When Kith founder Ronnie Fieg recently gave Architectural Digest a tour, he framed the club as an expansion of how people already interact with the brand. When wellness is folded into spaces people already trust and return to, it requires less effort for them to maintain — no need to download something new or learn a new system. You just show up.
For women’s health company Tia, the same kind of thinking applies in a clinical setting. The company operates medical practices that combine primary care, gynecology, mental health, and wellness services under one roof, with coordinated records and shared care teams.

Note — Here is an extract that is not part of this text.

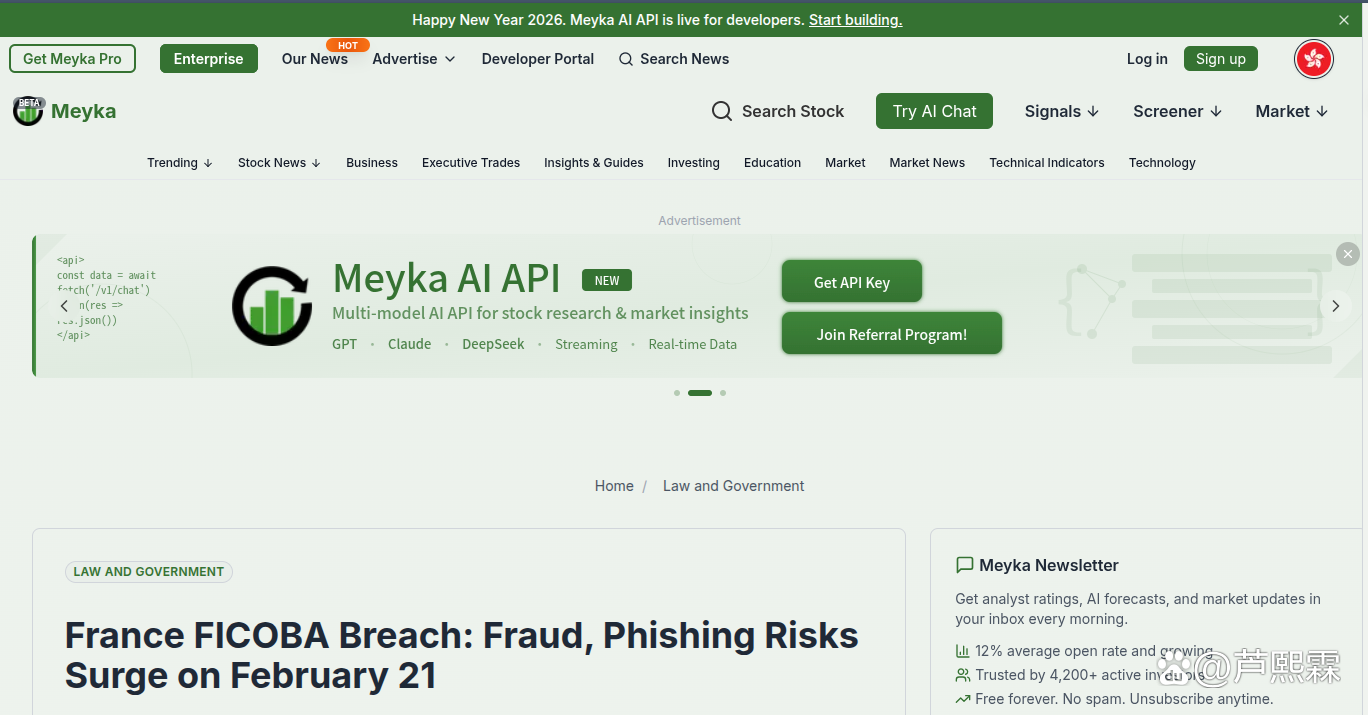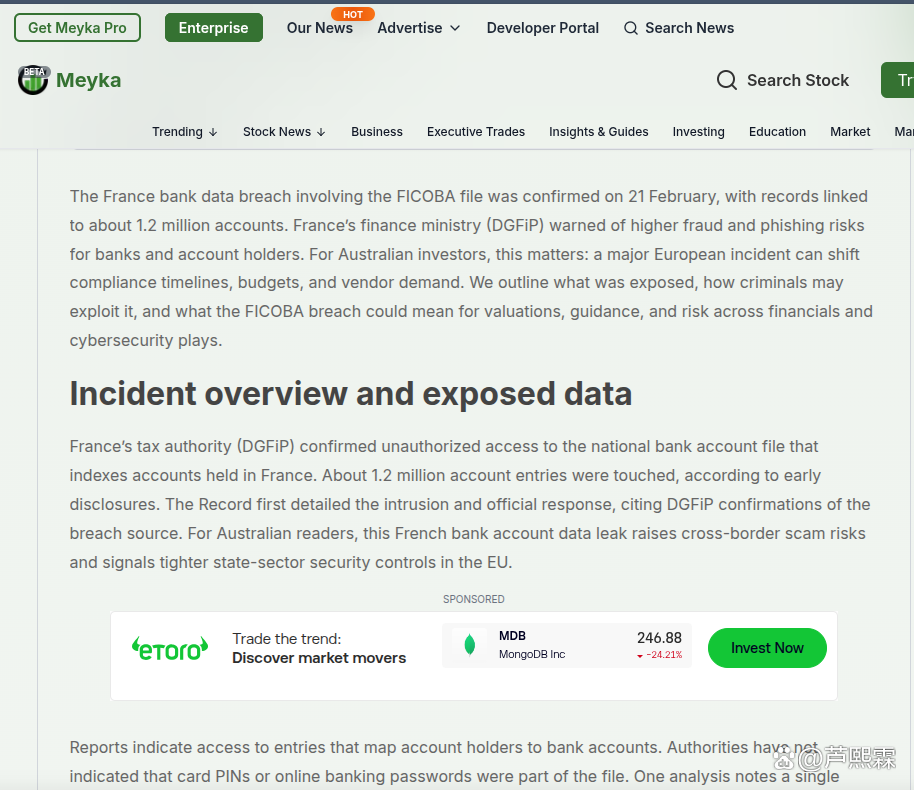 随着全球数字化金融基础设施的深度融合,国家级数据库已成为网络攻击的高价值目标。2026年2月21日,法国财政部(Direction Générale des Finances Publiques, DGFiP)发布官方公告,确认其管理的国家银行账户文件(Fichier des Comptes Bancaires et Assimilés, 简称FICOBA)遭到非法入侵。FICOBA作为法国金融监管的核心组件,记录了所有在法国境内开设的个人及企业银行账户的基本元数据,包括账户持有人身份信息、开户机构代码(BAN)、国际银行账号(IBAN)以及账户状态等。此次泄露事件波及约120万个账户条目,虽然DGFiP明确指出未涉及账户密码、PIN码或实时余额等动态敏感信息,但静态关联数据的暴露引发了学术界与工业界的深切担忧。

In an interview with Oprah Daily, cofounder Carolyn Witte described the company’s early focus on translation rather than reinvention. “We had a team of medical advisers — doctors, like ob-gyns — that were feeding us the doctor-speak,” she said. “Our job was to translate it. You didn’t have to have a PhD or go to medical school to understand it.”
The health backdrop
And there’s a lot to understand.
In the U.S., the Centers for Disease Control and Prevention says six in ten adults live with at least one chronic disease, while four in ten live with two or more. Chronic conditions remain the leading drivers of health-care spending and disability nationwide. In England, NHS Digital data shows roughly four in ten adults report at least one long-term health condition, and the National Institute for Health and Care Research estimates that more than 14 million people are living with multiple ongoing conditions.
Those numbers sit alongside a steady rise in people seeking out ways to manage health outside of conventional pathways. Data from the National Center for Complementary and Integrative Health, drawn from the National Health Interview Survey, shows that the share of U.S. adults using at least one complementary health approach nearly doubled over two decades, rising from 19.2 percent in 2002 to 36.7 percent in 2022. Practices such as meditation, yoga, and mindfulness-based stress reduction accounted for much of that growth.
That context helps explain why coordination and curation has become the selling point.
Other companies have arrived at similar conclusions through different routes. Parsley Health, which operates functional-medicine practices across the U.S., has long positioned itself as an alternative to standard primary care by extending appointment times and integrating nutrition, mental health, and lifestyle counseling into treatment plans. Founder Robin Berzin has described conventional care as structurally siloed, with mental and physical health treated as separate tracks. “They literally have different departments,” she said in an interview with Wired, describing a system where connections are often left for patients to make on their own.
Membership-based recovery studios have also leaned into routine as the product. Restore Hyper Wellness, which operates more than 200 locations, has expanded nationally around recurring memberships that bundle IV therapy and recovery treatments, framing consistency as something people subscribe to rather than schedule piecemeal. The model is not positioned as medical care, but it occupies the same practical space in people’s lives: a recurring, managed approach to feeling better.
Back in London, Healf’s growth sits comfortably inside this broader landscape. The company has reported annual revenue exceeding £100 million and continues to frame its offering around personalization that reduces choice rather than multiplies it. Harris describes the appeal simply: “They’re not trying to tell you how to live; they’re helping you find what works for you.”